*** Opening of Data listing ***
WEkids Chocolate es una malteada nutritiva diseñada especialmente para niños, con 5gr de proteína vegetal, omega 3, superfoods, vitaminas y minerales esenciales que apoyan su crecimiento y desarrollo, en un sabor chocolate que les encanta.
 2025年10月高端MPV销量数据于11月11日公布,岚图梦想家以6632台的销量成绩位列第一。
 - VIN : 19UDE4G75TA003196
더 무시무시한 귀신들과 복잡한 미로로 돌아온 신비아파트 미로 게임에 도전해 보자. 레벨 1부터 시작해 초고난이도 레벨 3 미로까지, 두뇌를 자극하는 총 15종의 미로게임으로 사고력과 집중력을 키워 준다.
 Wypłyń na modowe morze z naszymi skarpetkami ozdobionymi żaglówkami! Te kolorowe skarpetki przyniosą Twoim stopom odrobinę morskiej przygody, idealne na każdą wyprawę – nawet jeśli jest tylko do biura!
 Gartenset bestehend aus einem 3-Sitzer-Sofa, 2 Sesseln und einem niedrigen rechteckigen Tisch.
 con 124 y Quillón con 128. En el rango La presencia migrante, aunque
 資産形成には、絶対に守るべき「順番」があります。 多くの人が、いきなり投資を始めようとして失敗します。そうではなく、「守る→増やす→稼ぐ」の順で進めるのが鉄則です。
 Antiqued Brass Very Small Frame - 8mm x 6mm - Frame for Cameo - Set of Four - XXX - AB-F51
*** Close of Data listing ***
*** Opening of Data listing ***
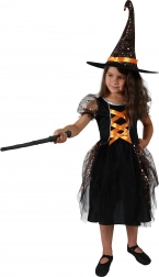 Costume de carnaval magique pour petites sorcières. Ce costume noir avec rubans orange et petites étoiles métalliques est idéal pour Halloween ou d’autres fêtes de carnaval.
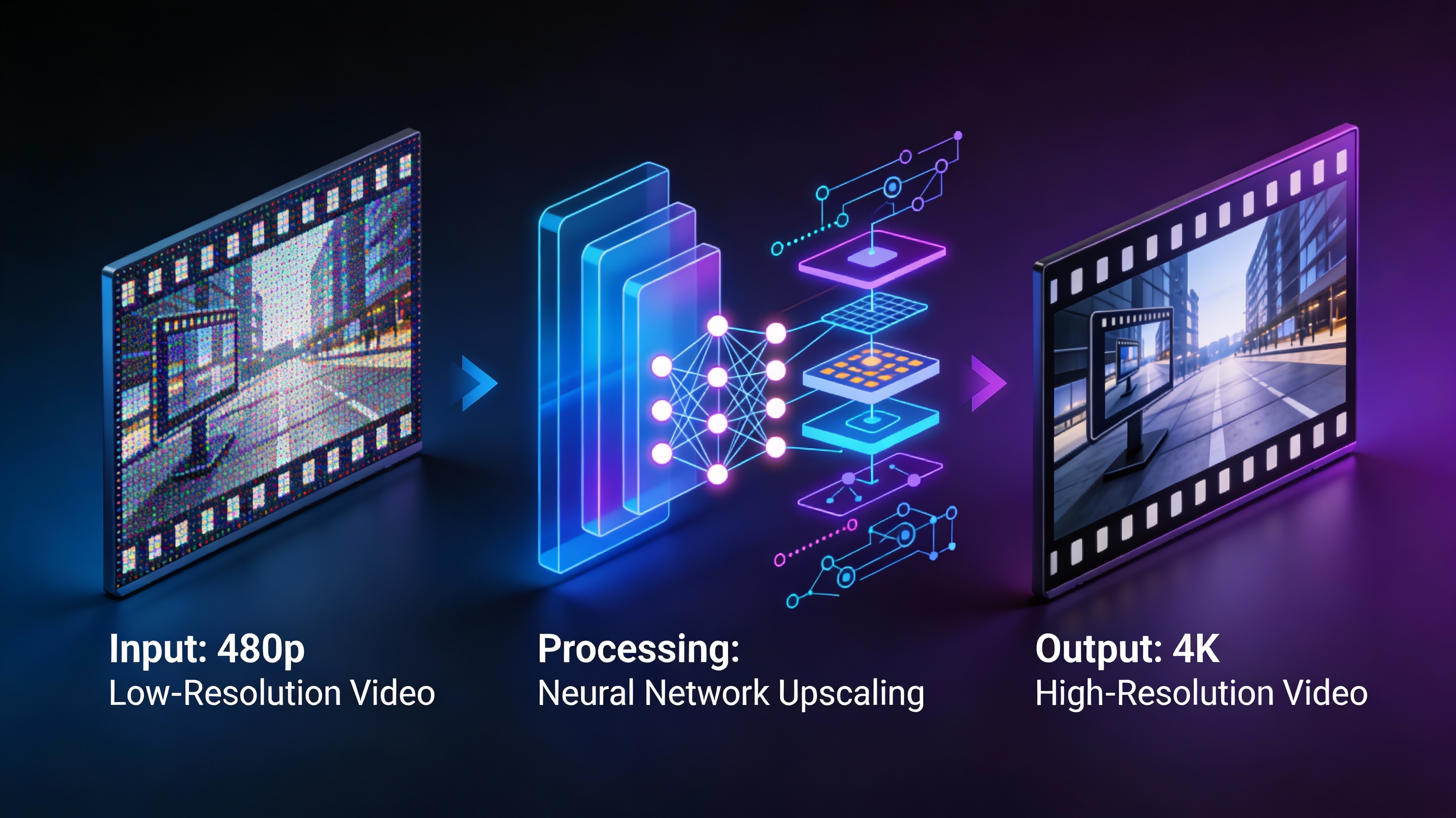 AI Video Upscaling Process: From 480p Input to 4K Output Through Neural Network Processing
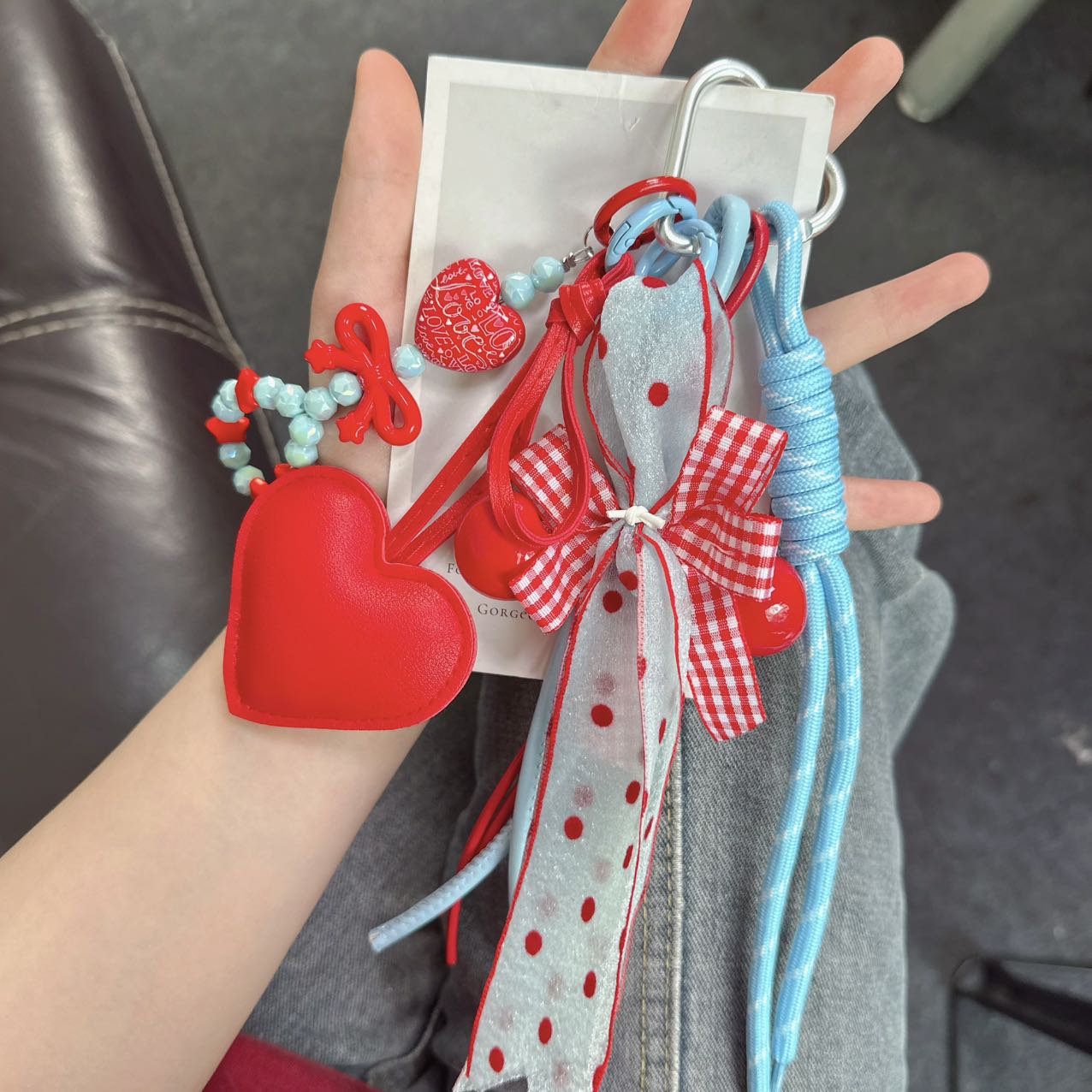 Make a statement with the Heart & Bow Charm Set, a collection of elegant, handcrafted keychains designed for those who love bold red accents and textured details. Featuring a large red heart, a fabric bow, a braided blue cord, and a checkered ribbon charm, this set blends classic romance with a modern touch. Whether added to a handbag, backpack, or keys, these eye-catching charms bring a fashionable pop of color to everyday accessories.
*** Close of Data listing ***
What is required. Scan the entries above for the line containing "WEkids Chocolate es", and copy it and all lines after it exactly, down to and including the line containing "더 무시무시한 귀신들과".

Response to this exercise.
WEkids Chocolate es una malteada nutritiva diseñada especialmente para niños, con 5gr de proteína vegetal, omega 3, superfoods, vitaminas y minerales esenciales que apoyan su crecimiento y desarrollo, en un sabor chocolate que les encanta.
 2025年10月高端MPV销量数据于11月11日公布,岚图梦想家以6632台的销量成绩位列第一。
 - VIN : 19UDE4G75TA003196
더 무시무시한 귀신들과 복잡한 미로로 돌아온 신비아파트 미로 게임에 도전해 보자. 레벨 1부터 시작해 초고난이도 레벨 3 미로까지, 두뇌를 자극하는 총 15종의 미로게임으로 사고력과 집중력을 키워 준다.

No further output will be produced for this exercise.